Wir fuhren zusammen nach München ins Konzert, wir gingen in Kössen gemeinsam
raften, wir organiserten gemeinsam Lernferien für die Vormatura in Florenz, wir klapperten
gemeinsam die Museen Oberitaliens ab. Der UNO-Sonderbeauftragte für Afghanistan,
Felix Ermacora war mit Mudjahedin-Vertretern am Gymnasium, eine Begegnung, an die
ich angesichts der weiteren Ereignisse, die heute meinen beruflichen Alltag bestimmen, oft
zurückdenke. Dieser kurze direkte Kontakt mit Fragen des politischen Islam von damals ist
heute ein wichtiger benchmark für mich, um Entwicklungen einschätzen und in Beziehung
setzen zu können. Das Gymnasium St. Johann war eine Schule, und gleichzeitig mehr als
das.
In meinen beruflichen Zusammenhängen kommt es immer wieder vor, dass sich jemand
zu einer Bemerkung hinreißen lässt wie „Es ist doch erstaunlich, dass eine Tirolerin
Botschafterin wird“. Das Erstaunen liegt dann aber meist bei mir. Warum sollte denn eine
Tirolerin nicht Botschafterin werden? Gibt es denn Präsdestiniertere, um Botschafter und
Botschafterin zu werden? Ich nutze solche Gelegenheiten, um meine gute Ausbildung zu
loben, beginnend bei meinem Elternhaus im Winkl (nomen non est omen!), über meine
Schule in St. Johann, meine Alma Mater in Innsbruck, und allen guten Einflüssen, die mich
geformt haben.
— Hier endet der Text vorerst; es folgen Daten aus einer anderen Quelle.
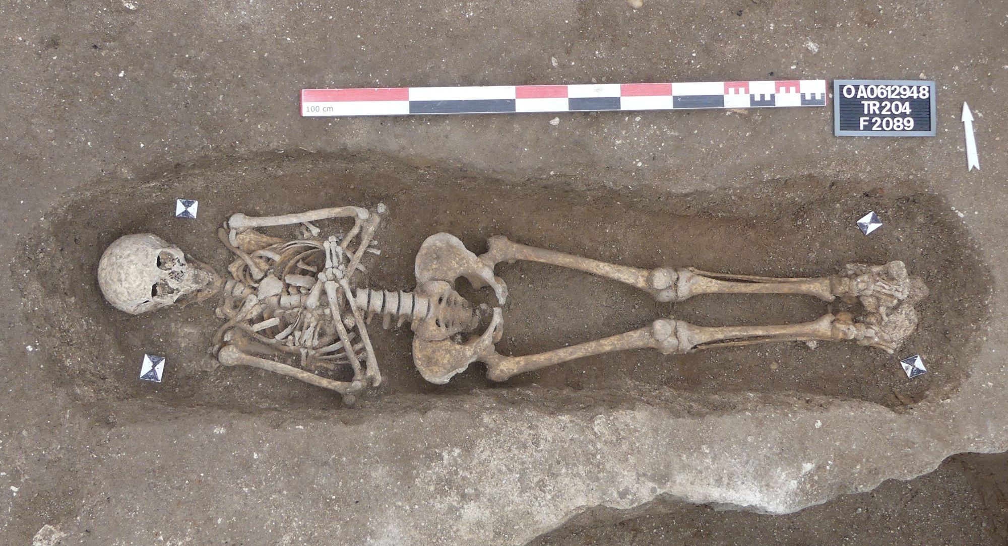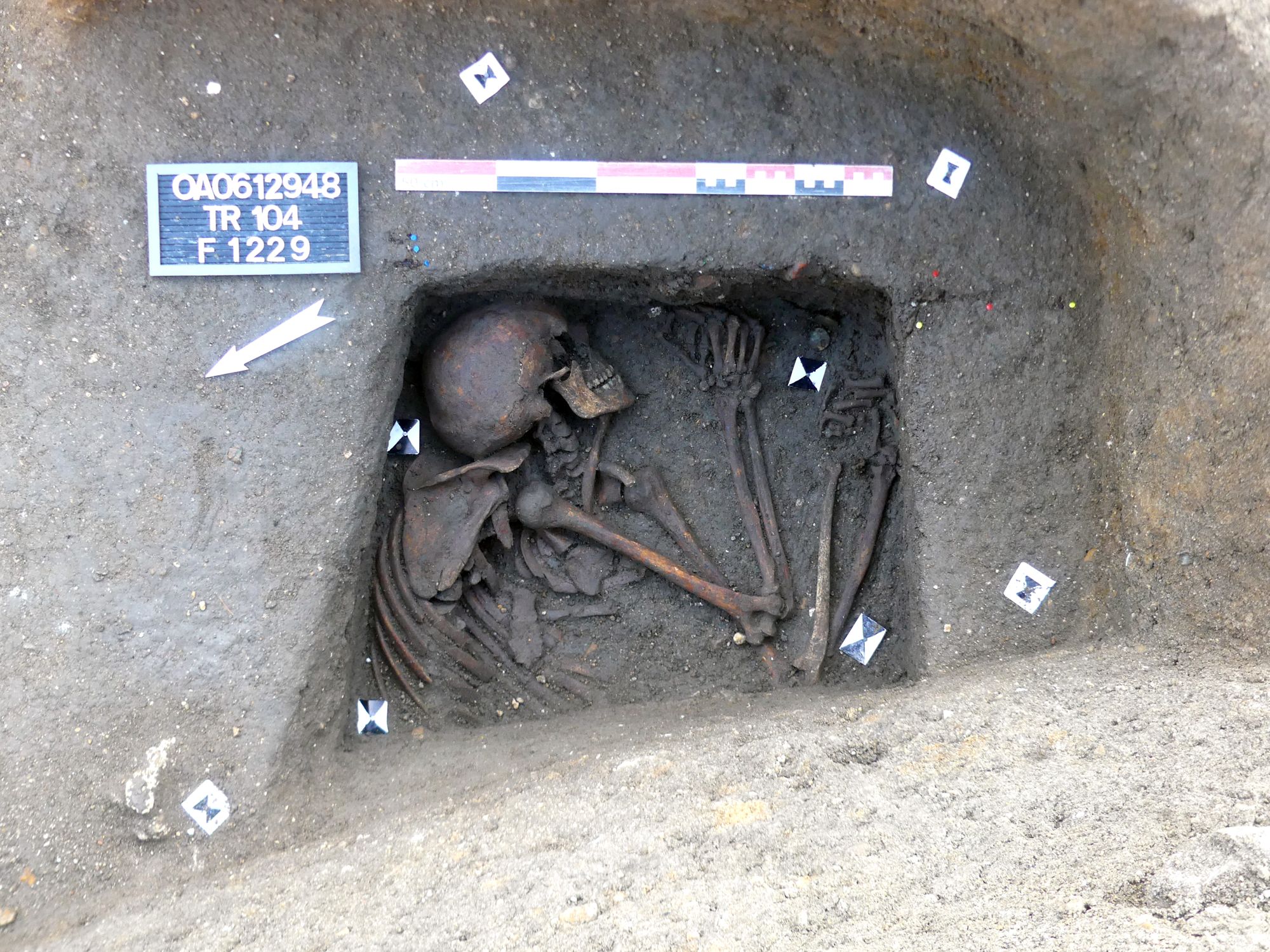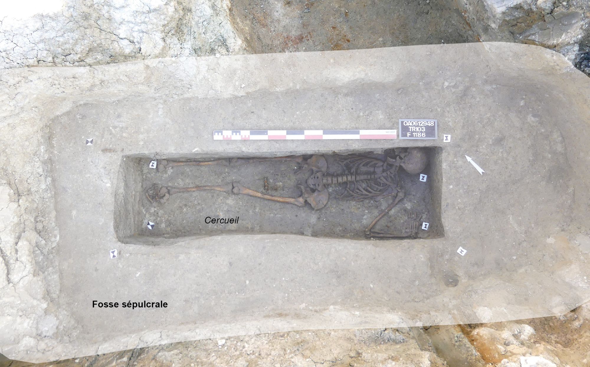 La parcelle de l’hôpital semble peu occupée durant le haut Moyen Âge et se situe clairement à l’écart de la ville. Seules quelques sépultures (six ont été découvertes : quatre lors de cette fouille, une lors du diagnostic archéologique en 2016 et une dans les années 1970), plus ou moins isolées, témoignent d’une occupation de ce secteur à cette période.

Ich berichte dann, dass meine Schule bereits vier BotschafterInnen und
zahlreiche DiplomatInnen hervorgebracht hat, also im Grunde schon als
„Botschafterschmiede“ einzustufen ist. Ich habe also Erfahrung darin, meine Schule zu
loben, und tue es in aufrichtiger Freude. Der Respekt der so Fragenden ist dem
Gymnasium St. Johann in Tirol auch jedes Mal gewiss, und ich freue mich, diese
Rückmeldungen auch in St. Johann und im Bezirk bekannt zu machen. Wohlverdient.